The abandonment of systematic theology in our age is an indication of the influence of non-Biblical thought forms. It demonstrates a commitment to man-centered epistemology. Things are what man declares them to be. But things can never be what man declares them to be while creation stands at the beginning of the Scriptures. For it identifies the source of all things – Elohim, the Creator.
The alternative to an epistemology based on the idea of God as Creator and therefore the source of the eternal decree, is an epistemology based on an abstraction – unrelated facts.
When it comes to preachers and preaching, theologians and theology, it is thus necessary to understand their system of thought as it applies to what they say or write. That is, it requires an understanding of their presuppositions, for what is said and done is no more than applied presuppositions – or applied systematics.

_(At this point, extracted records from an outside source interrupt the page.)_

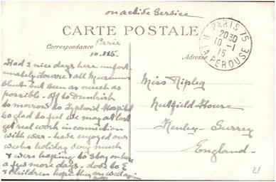 | Keywords: postcard ww1 france public domain publicdomain nurse ripley nurseripley text document writing monochrome Sent by a nurse, Margaret Ripley, to her sister back in England. As far as I can tell (corrections and additions welcome) this reads: "Had 2 nice days here unfortunately Louvre & all museums shut but seen as much as possible. Off to Dunkirk tomorrow to typhoid hospital so glad to feel we may at last get real work in connection with war. Have enjoyed our week's holiday very much & were hoping to stay on here a few more days. Love to E & children. Hope they are well again. Mar For more details of the story behind this album see www.flickr.com/photos/whatsthatpicture/sets/7215762769463... Sent by a nurse, Margaret Ripley, to her sister back in England. As far as I can tell (corrections and additions welcome) this reads: "Had 2 nice days here unfortunately Louvre & all museums shut but seen as much as possible. Off to Dunkirk tomorrow to typhoid hospital so glad to feel we may at last get real work in connection with war. Have enjoyed our week's holiday very much & were hoping to stay on here a few more days. Love to E & children. Hope they are well again. Mar For more details of the story behind this album see www.flickr.com/photos/whatsthatpicture/sets/7215762769463... |
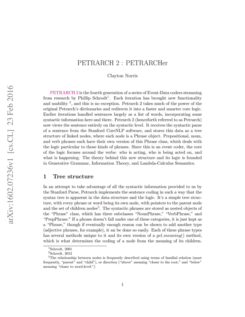 PETRARCH 2 is the fourth generation of a series of Event-Data coders stemming from research by Phillip Schrodt. Each iteration has brought new functionality and usability, and this is no exception.Petrarch 2 takes much of the power of the original Petrarch's dictionaries and redirects it into a faster and smarter core logic. Earlier iterations handled sentences largely as a list of words, incorporating some syntactic information here and there. Petrarch 2 now views the sentence entirely on the syntactic level. It receives the syntactic parse of a sentence from the Stanford CoreNLP software, and stores this data as a tree structure of linked nodes, where each node is a Phrase object. Prepositional, noun, and verb phrases each have their own version of this Phrase class, which deals with the logic particular to those kinds of phrases. Since this is an event coder, the core of the logic focuses around the verbs: who is acting, who is being acted on, and what is happening. The theory behind this new structure and its logic is founded in Generative Grammar, Information Theory, and Lambda-Calculus Semantics.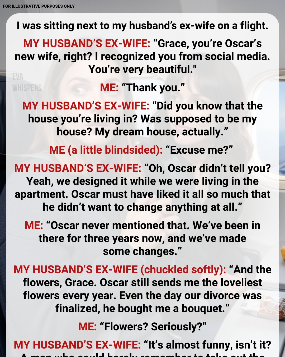 For the rest of the flight, I stared blankly at the seat in front of me, my mind replaying every moment of my marriage—now poisoned by her revelations.

Peter Brown, in his book, The Rise of Western Christendom: Triumph and Diversity Ad 200-1000 (Making of Europe), made this observation about preaching style in the early Syrian churches:
Hence the qeryana, the ‘Reading’ of the Scriptures, was essential for the culture of the Syrian Churches. In the qeryana, the Syriac vernacular that spanned the Fertile Crescent was raised to a new pitch. It became a tongue rendered sacred by the repeated, exquisite recitation of the Word of God. So beautifully did Mar Jacob read the Psalms in church that a visiting bishop quite forgot what he himself had intended to say in his sermon. Even exegesis itself was not a purely intellectual probing of the Scriptures. It was a re-recitation of the Scriptures, a reverential ‘robing’ of the Word of God by reading aloud, interspersed with explanations, in a manner that closely resembled the Midrashic techniques of the rabbis.” (p. 174)

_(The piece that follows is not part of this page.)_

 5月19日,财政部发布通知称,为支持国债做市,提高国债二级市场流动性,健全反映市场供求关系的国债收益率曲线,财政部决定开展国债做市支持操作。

It would be hard to find a better alternative to the often mediocre preaching in today’s pulpits. The Word of God. Uncluttered.

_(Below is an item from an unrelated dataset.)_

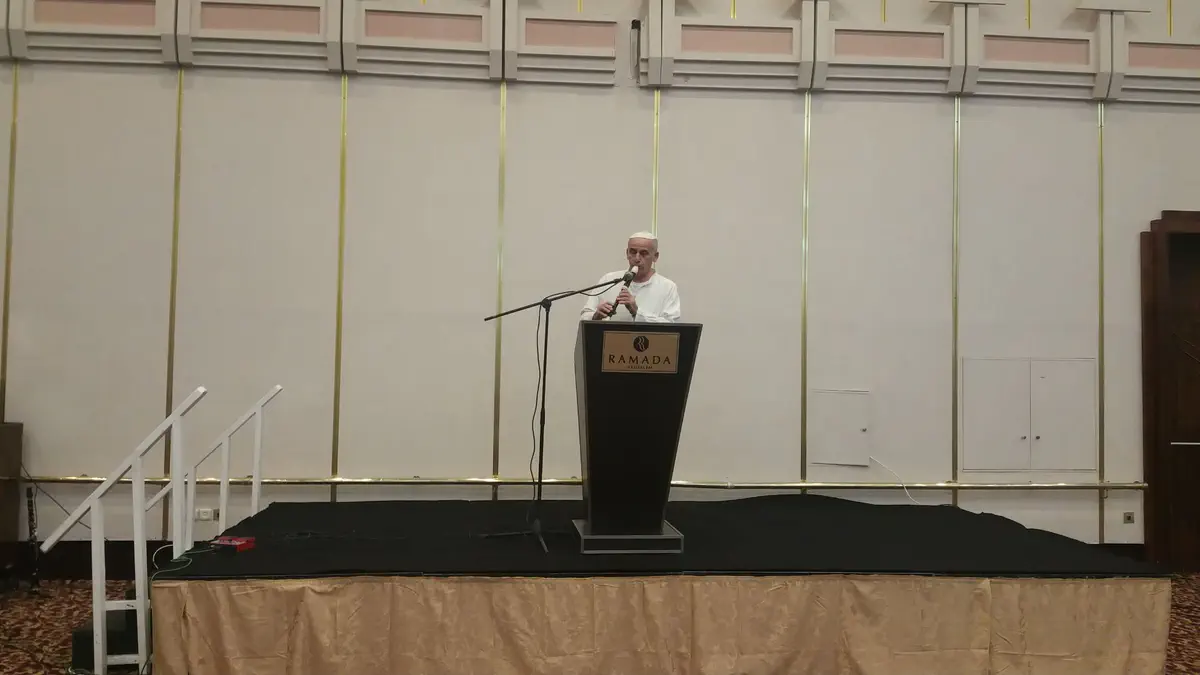 באזכרה שנערכת במלון ''רמדה'' בבירה, מנגן אליעזר רוזנפלד, אביו של מלאכי הי"ד שנרצח בפיגוע ירי לפני כחצי שנה.

When Noel Weeks wrote The Sufficiency of Scripture, he was well aware of the controversial nature of his conclusions. In the book he discusses contentious issues and puts them into a biblical perspective. For example, his treatment of Genesis 1 and 2 outlines the difficulties created by the framework hypothesis and the assumptions leading to the framework conclusions.
But there is another group of conservative scholars who would accept Weeks’s thesis, but they have a problem with the sufficiency of Scripture in other areas. Their issue relates to the capacity of the Scriptures to explain themselves unaided by prophets, pastors and teachers (Eph.4:11ff).